◆ MATERIAL PROVIDED
-=-=-=-=-
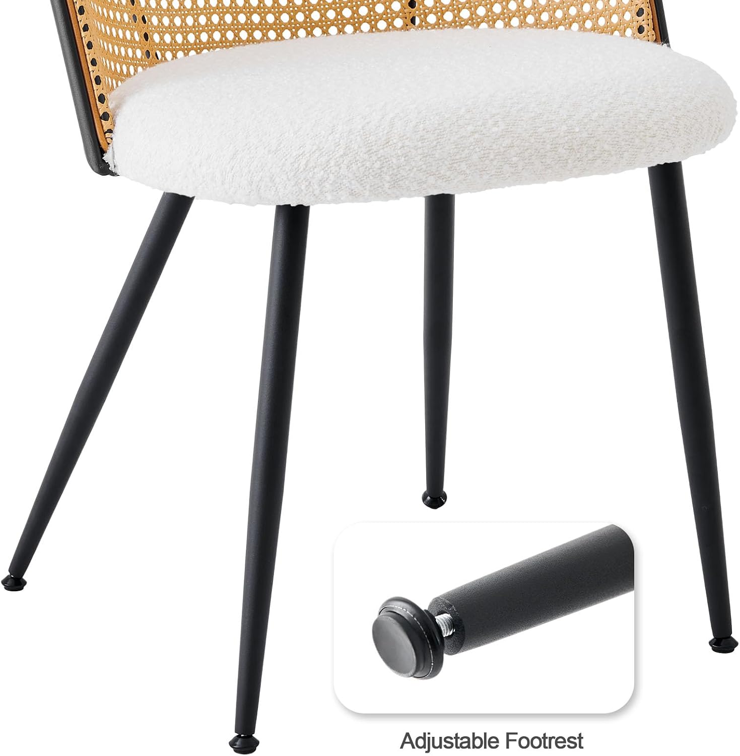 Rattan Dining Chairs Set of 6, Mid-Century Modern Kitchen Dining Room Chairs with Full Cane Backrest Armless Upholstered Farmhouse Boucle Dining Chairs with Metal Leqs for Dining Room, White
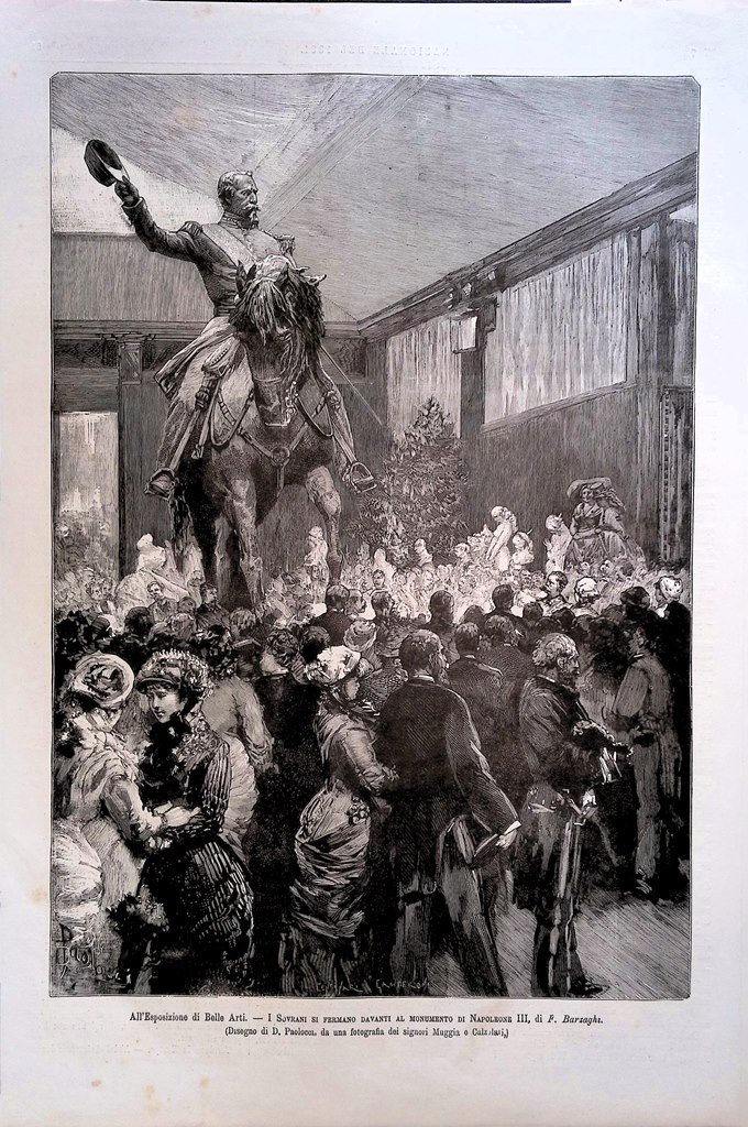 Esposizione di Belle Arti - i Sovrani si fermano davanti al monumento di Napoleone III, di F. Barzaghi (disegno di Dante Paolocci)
-=-=-=-=-
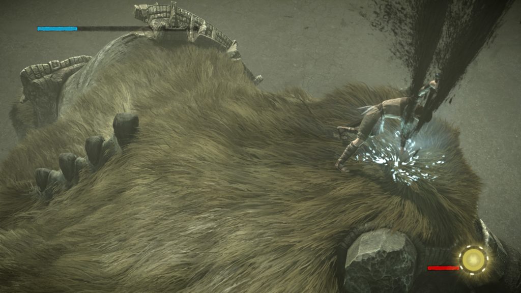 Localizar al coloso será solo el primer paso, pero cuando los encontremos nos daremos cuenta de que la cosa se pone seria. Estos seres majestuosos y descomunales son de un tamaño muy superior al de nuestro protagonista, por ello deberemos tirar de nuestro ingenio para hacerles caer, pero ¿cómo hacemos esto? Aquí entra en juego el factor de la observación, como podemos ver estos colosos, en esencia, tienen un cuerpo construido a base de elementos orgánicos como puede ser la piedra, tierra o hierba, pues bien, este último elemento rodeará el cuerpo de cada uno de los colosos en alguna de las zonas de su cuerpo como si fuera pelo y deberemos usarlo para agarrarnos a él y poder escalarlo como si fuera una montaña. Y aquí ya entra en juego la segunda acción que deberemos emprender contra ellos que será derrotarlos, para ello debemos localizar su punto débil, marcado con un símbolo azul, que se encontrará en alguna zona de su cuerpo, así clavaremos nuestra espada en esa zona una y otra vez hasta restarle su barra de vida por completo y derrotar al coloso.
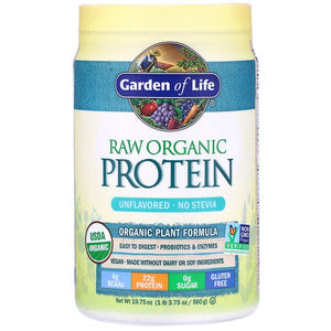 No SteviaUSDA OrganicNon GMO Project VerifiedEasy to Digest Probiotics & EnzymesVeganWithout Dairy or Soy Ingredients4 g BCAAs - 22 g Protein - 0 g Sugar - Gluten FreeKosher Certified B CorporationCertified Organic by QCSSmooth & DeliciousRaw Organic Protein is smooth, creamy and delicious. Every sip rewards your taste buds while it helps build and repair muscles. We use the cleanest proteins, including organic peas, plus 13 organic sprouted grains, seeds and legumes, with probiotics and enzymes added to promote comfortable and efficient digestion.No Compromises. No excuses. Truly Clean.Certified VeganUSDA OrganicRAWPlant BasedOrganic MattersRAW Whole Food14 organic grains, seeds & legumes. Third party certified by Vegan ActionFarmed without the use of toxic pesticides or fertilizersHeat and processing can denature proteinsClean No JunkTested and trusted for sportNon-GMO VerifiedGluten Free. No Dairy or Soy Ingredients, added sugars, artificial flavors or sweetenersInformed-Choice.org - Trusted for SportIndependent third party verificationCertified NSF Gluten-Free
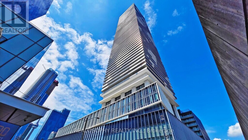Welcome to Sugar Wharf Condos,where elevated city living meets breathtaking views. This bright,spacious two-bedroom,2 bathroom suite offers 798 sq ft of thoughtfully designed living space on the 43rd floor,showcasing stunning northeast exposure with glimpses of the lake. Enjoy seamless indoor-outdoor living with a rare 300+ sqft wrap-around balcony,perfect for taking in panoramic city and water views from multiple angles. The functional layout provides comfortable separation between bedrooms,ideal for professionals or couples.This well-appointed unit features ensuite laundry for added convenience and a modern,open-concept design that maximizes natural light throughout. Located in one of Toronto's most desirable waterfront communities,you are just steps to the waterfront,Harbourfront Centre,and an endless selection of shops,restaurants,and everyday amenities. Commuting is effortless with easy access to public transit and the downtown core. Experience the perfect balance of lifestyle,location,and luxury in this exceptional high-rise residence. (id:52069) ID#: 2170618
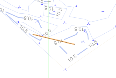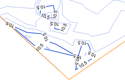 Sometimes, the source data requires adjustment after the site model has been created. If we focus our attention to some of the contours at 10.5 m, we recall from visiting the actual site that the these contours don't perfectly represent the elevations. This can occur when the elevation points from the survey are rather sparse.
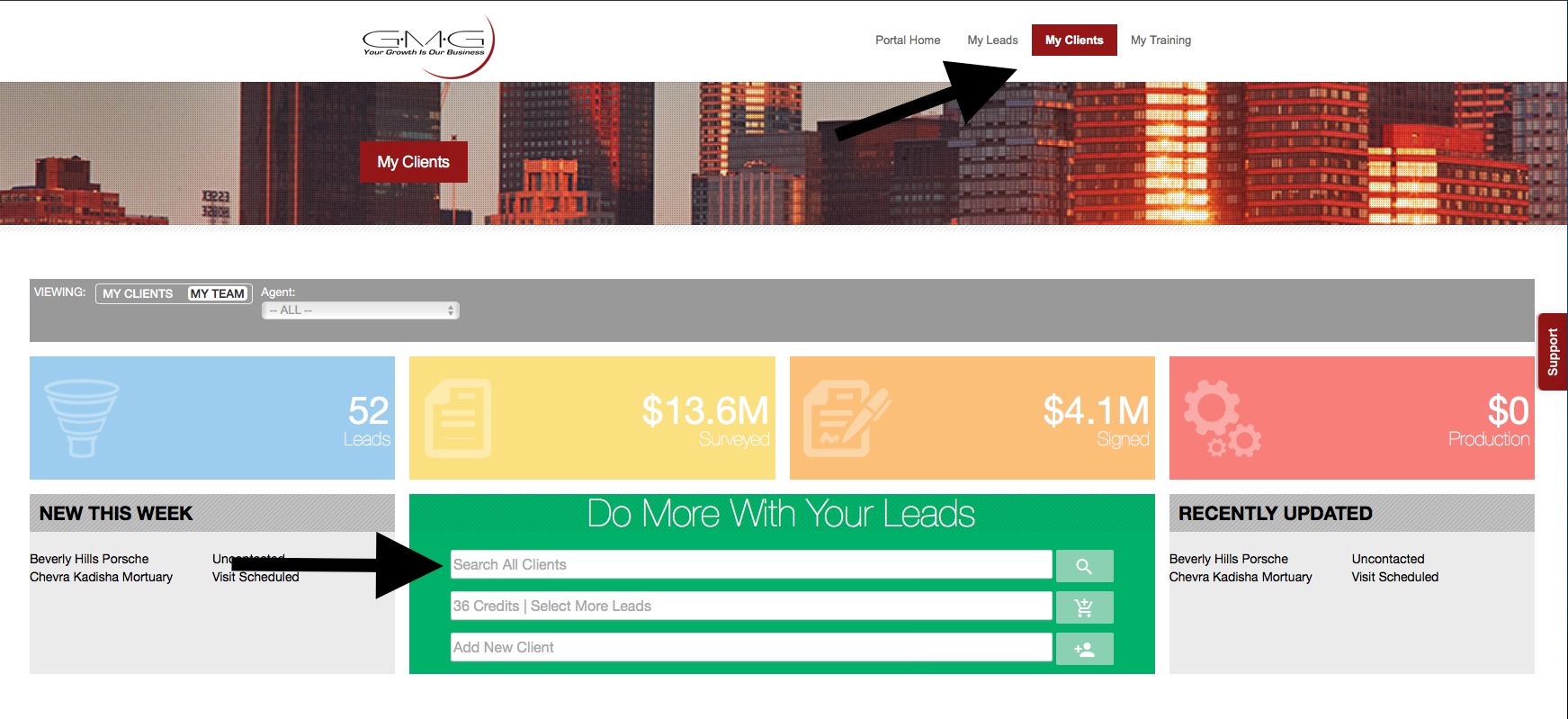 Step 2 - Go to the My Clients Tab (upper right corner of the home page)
-=-=-=-=-
What you need to produce is an exact copy of the entries above, limited to the lines from the one with "Rattan Dining Chairs" up to and including the one with "Esposizione di Belle", without pictures.

 Rattan Dining Chairs Set of 6, Mid-Century Modern Kitchen Dining Room Chairs with Full Cane Backrest Armless Upholstered Farmhouse Boucle Dining Chairs with Metal Leqs for Dining Room, White
 Esposizione di Belle Arti - i Sovrani si fermano davanti al monumento di Napoleone III, di F. Barzaghi (disegno di Dante Paolocci)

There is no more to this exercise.